Looking to take the boys camping before it gets too hot and do some fishing. Choices are Stone Lake or Hurricane/Krul/Bear in Munson. ANy suggestions for camping and fishing. Wanting to be able to bank fish as we do not have a small boat for lakes or ponds. Any suggestions or alternative locations would be welcome.


----------



## JoeZ

I'd go with Bear Lake and work along the damn for bass in the main lake then if you look behind you, there's a little bream hole down the hill in the woods. 

No fishing at Krul but it does have some monster fish around the spillway. Y'all could hike the trail to go look at'em but that's about it.


----------



## hydraporter

*Try Open Pond Camp Ground in Conecuh National Forest*

It's about one hour from P'cola, just south of Andalusia. Haven't camped there but have driven through a few times. Not a big lake, but perfect sized for smaller kids to bank fish. Camp ground looks nice.


----------



## Fishnfun68

So looking on Google Earth, is the Damn the long stretch to the west of the fishing pier? Not sure as I have only been there once and just took the boys to the fishing pier for about 30 minutes. Looks like what you are referring to but I did not notice the last time we were there last year. I could not see any small ponds visible on Google Earth behind what I am assuming is the damn. Thanks.


----------



## JoeZ

You got it. The dam is on the west end and I guess pond is not the right word. More of puddles that all connect. It's a swamp from there to Krul and most holes hold fish.


----------



## Yakavelli

In the middle of the dam (bear lake), there is a small concrete platform down at the bottom on the west side (toward trees). It's where the overflow water from the lake empties at. Lots of small to decent size bream there. Perfect for kids! Plus it's shaded. There's a hiking trail starting at the N end of the dam that you can take to krul for a midday swimming trip. Kids would love swimming over there.


----------



## jcoss15

You can catch some good size bream at Bear...off the pier, dam, or around the fish feeders next to the boat ramp. I usually like bottom fishing with earthworms for the bream and then later in the afternoon/evening you can catch channel cat off the dam with livers or shrimp.


----------



## Jason

Darrick lake has a nice facility too!


----------



## johnnysstuff

I think you ment Karick Lake.. 

Has two landings nice to camp and fish off the bank...

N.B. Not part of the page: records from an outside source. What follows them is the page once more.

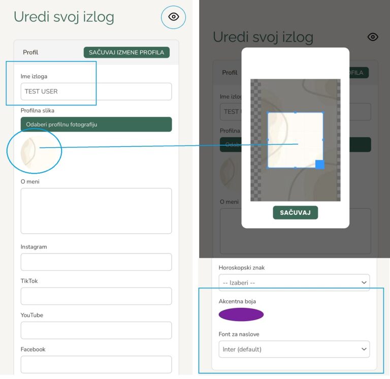 - Sledeće, popuni osnovne podatke: linkove ka društvenim mrežama (Instagram, TikTok, YouTube, X, websajt, eMail, telefon…) – pa i horoskopski znak, ako želiš. Dodaj nekoliko rečenica o sebi (opciono).
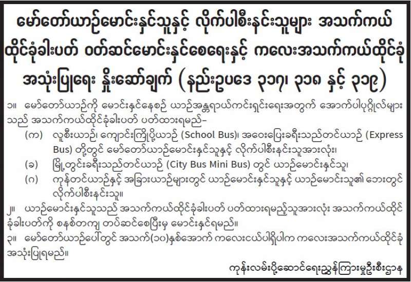 မော်တော်ယာဉ်မောင်းနှင်သူနှင့် လိုက်ပါစီးနင်းသူများ အသက်ကယ်ထိုင်ခုံခါးပတ် ဝတ်ဆင်မောင်းနှင်စေရေးနှင့် ကလေးအသက်ကယ်ထိုင်ခုံ အသုံးပြုရေးနှိုးဆော်ချက် (နည်းဥပဒေ ၃၁၇၊ ၃၁၈ နှင့် ၃၁၉)
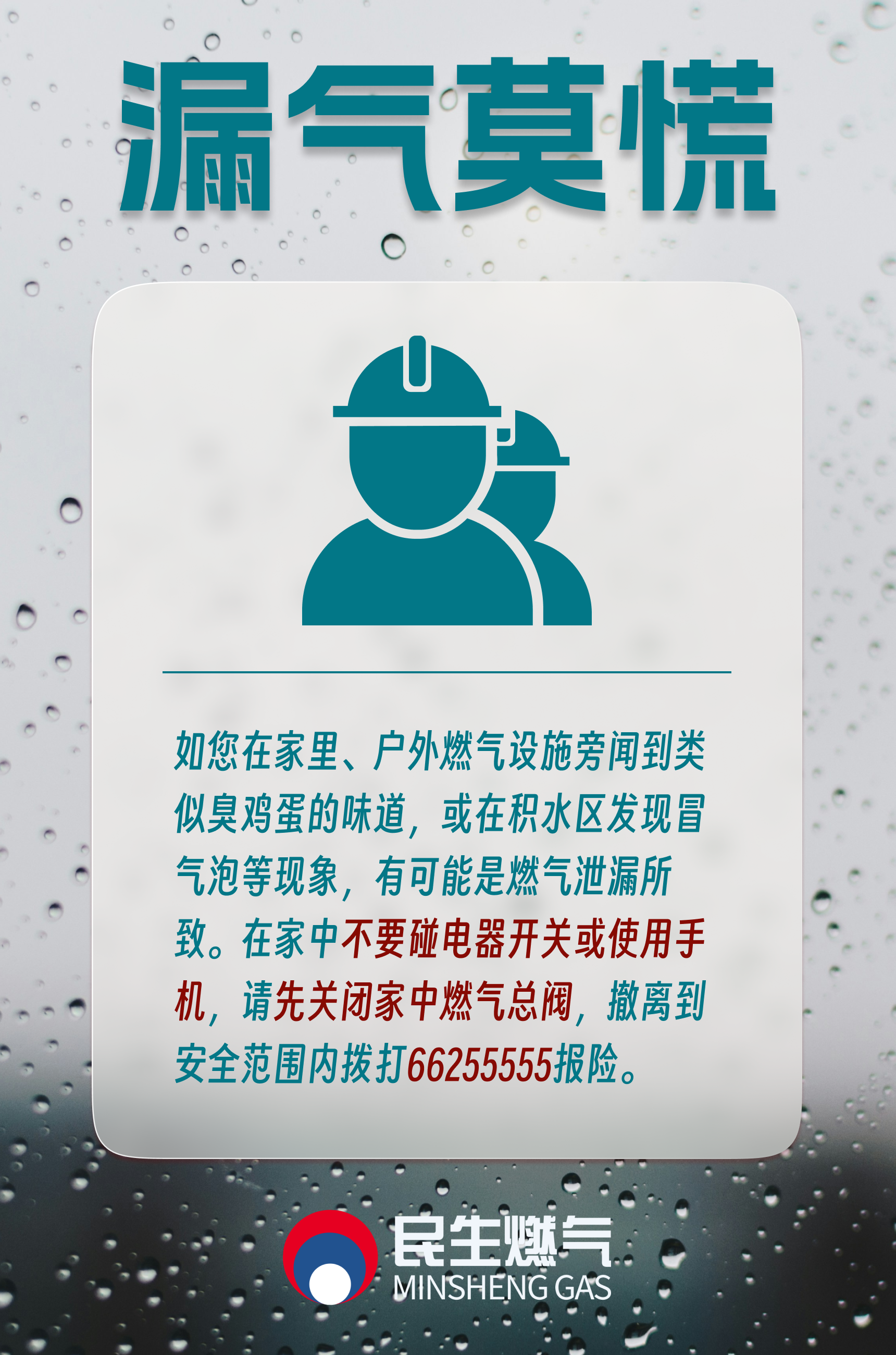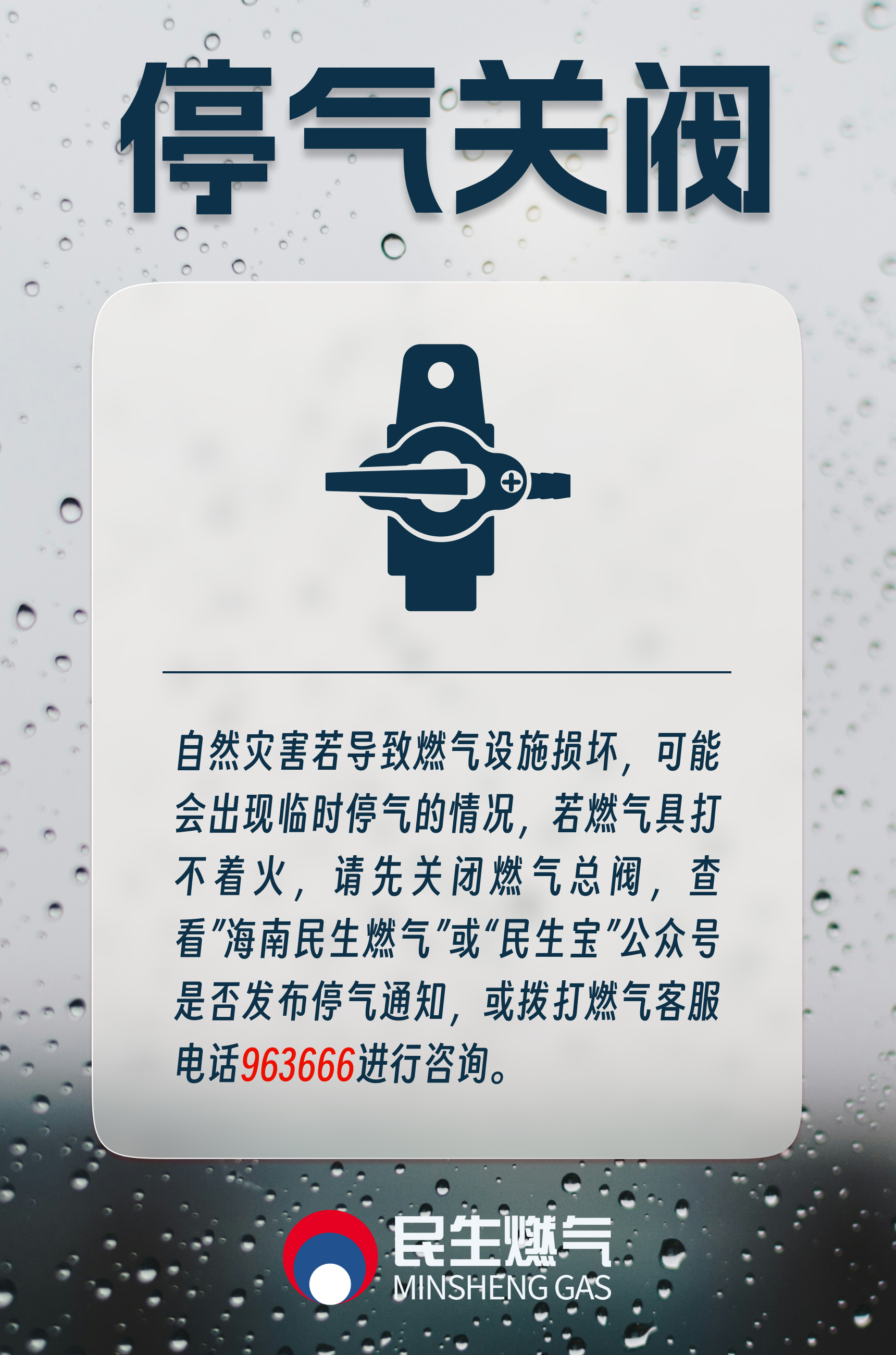 為確保臺風(fēng)期間廣大用戶日常生活用氣需求和用氣安全,海南民生燃氣提醒請您,根據(jù)需求提前做好充值購氣和安全防范。風(fēng)災(zāi)期間一旦發(fā)現(xiàn)用氣異常情況,請立即撥打公司24小時服務(wù)熱線963666或66255555聯(lián)系專業(yè)人員進行維修。

That would be my choice...

At one time or the other I have fished them all.

7.5 miles from the caution light in Baker headed North.

http://www.bassonline.com/florida-lakes/karick-lake/?lang=en

Good luck !


----------



## Jason

johnnysstuff said:


> I think you ment Karick Lake..
> 
> Has two landings nice to camp and fish off the bank...
> 
> That would be my choice...
> 
> At one time or the other I have fished them all.
> 
> 7.5 miles from the caution light in Baker headed North.
> 
> http://www.bassonline.com/florida-lakes/karick-lake/?lang=en
> 
> Good luck !



Yeah....I typed that but that dern spell corrector do-ma-flange!!!!!


----------



## screwballl

Wirelessly posted

I've camped and fished all 3 (Karick, Hurricane and Bear)... 
Bear is nice but tough to find a camping spot from April to September.
Hurricane is nice, remote, plenty of shoreline for fishing.
Karick is nice if you can find a spot, decent shoreline area, fishing can be tough on occasion, and don't expect bass of any size, bream is usually good almost year round.

haven't done much at Lake Stone but heard fishing is good almost year round, just a little to far for us to drive from Niceville.


----------